But yes, I think that the UN rightly has continued to give more and more consideration to what it calls its strategic communications. You can never do enough, but I think we did a lot.

 

Surya: And during your work in Nepal did you see any moment where there was a real possibility of derailment of the peace process?

 

Ian Martin: Oh yes, I mean, 2007 was a very difficult year. With, you know, two phases that seriously threatened the process and in each case resulted in a postponement of the date that had been agreed for the constituent assembly election. 

The first of those was the kind of Madheshi uprising and one should also bear in mind that that was also reflected in the view of other marginalized groups that they had been rather excluded from a peace process that had been negotiated among a limited group of mainly high caste men.

So that derailed the process for a while until those issues were addressed through changes in the agreement on the electoral system and a further commitment to federalism. And then there was the point at which the Maoists withdrew from the interim government of which they had become a part and made additional demands to those they'd made previously.

And that led to another major renegotiation so so an election the election was held much later than it was supposed to be after we had gone through two very difficult periods that threatened the process

 

Surya: You mentioned about Madheshi Movement, I remember there was a time when there was a meeting between the UN and a cross-party group of Madheshi leaders during that time and it was the first time the issue of Madhesh was internationalized. Did you face any criticism from the Kathmandu elites for holding that meeting?

 

Ian Martin: It wasn't an internationalization of the Madeshi issue, it was a good faith effort by the UN to better understand the Madeshi grievances that were becoming a major obstacle in the peace process and the task that we were assisting. So yes, I convened a meeting, it wasn't just people from political parties, it was Madeshi's from all political parties, but also Madeshi's civil society with some of my staff with OHCHR personnel because we really needed to better understand what was clearly a major emerging issue. And the international community, like the Kathmandu elite, really didn't sufficiently understand or give sufficient attention to the Madeshi perspective, so that's what we were doing. It did indeed result in the Indian ambassador protesting to me that this was not something that the UN should be doing, but it wasn't a political initiative at all, it was simply the UN trying to better understand an important part of the context it was operating in so that it could do its job better.

 

Surya: And in your opinion what could have been the best exit strategy for the UN?

 

Ian Martin: Well, given that the core task of UNMIN was the management of arms and armies, the exit strategy could only be the resolution of the issues surrounding the armed personnel. 
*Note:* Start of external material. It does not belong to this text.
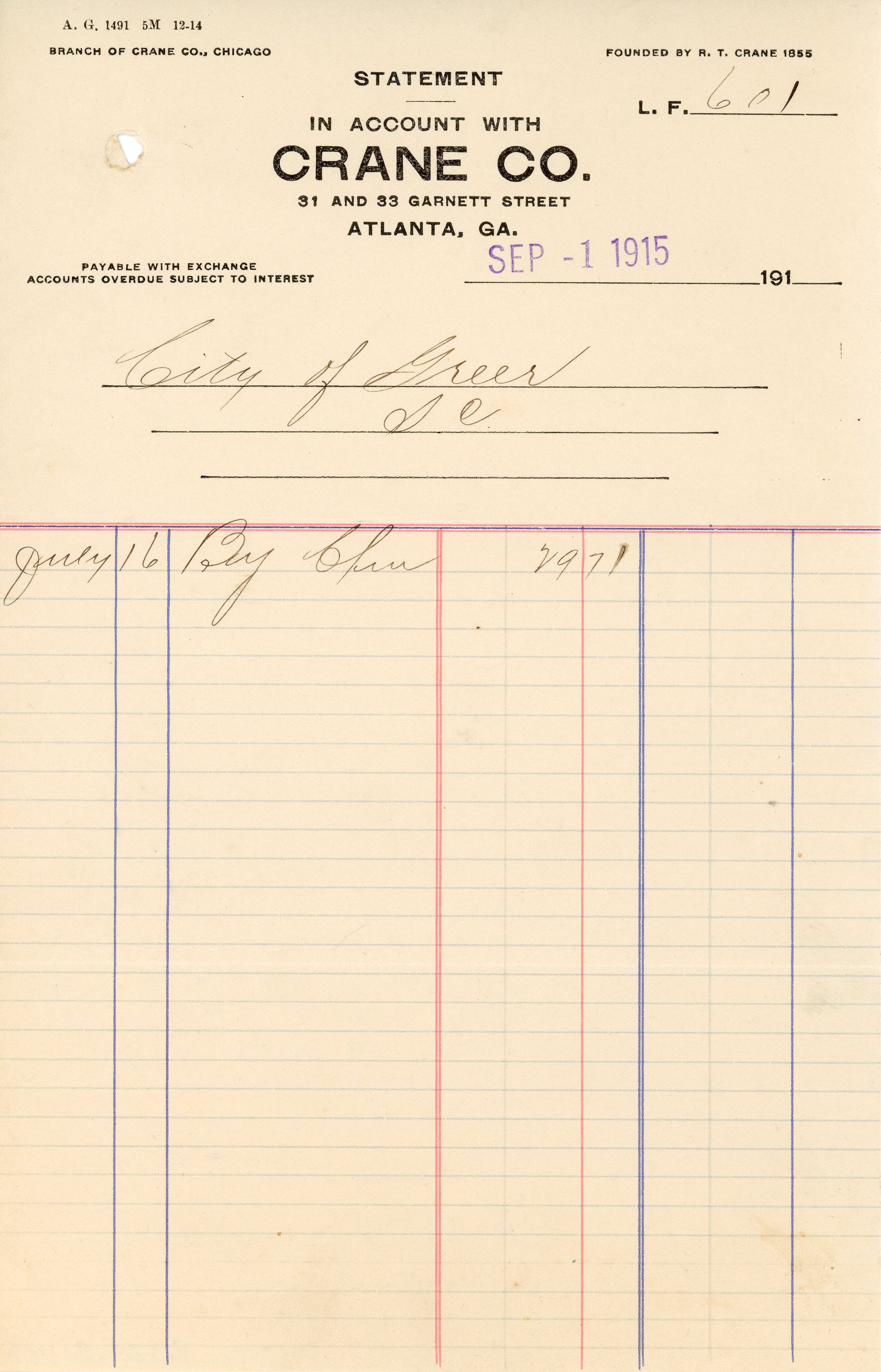 - Invoice 1 September 1915 Crane Co. to City of Greer, Greer, S. C.

And the problem there was that UNMIN was only given an interim monitoring role, it was not given a role of resolving that issue. And the peace agreement itself didn't resolve it, it was the area where the peace agreement was vaguest. It talked about the integration and rehabilitation of Maoist combatants. In fact, everybody understood that that meant some integration of Maoist combatants into the state security forces, but there was, I think, some promise from Girija Prasad Khoirala to the Maoists of a number that might be taken, but that wasn't defined in the agreement.

Then there was talk, too, about the democratization of the Nepal army, right-sizing, which implied downsizing of an army that had swollen during the fighting, its democratic control. None of this was defined, but there was to be a special committee, you know, so if you can't reach agreement, you agree that you set up a committee.

And then the parties didn't really want to move on the committee either. So although we were constantly pressing that the special committee should be set up, that didn't happen ahead of the election or indeed for some time afterwards. 

So UNMIN, as it were, was stuck with the role of continuing to monitor arms and the cantonments, but excluded really particularly deliberately, and this is another area where the Indian influence played a significant role, from assisting the party and actually addressing the underlying issue.

So that was the core problem. And from a UN perspective, the UN could have been much more helpful because the UN has significant experience on what usually is called security sector reform from a number of countries. 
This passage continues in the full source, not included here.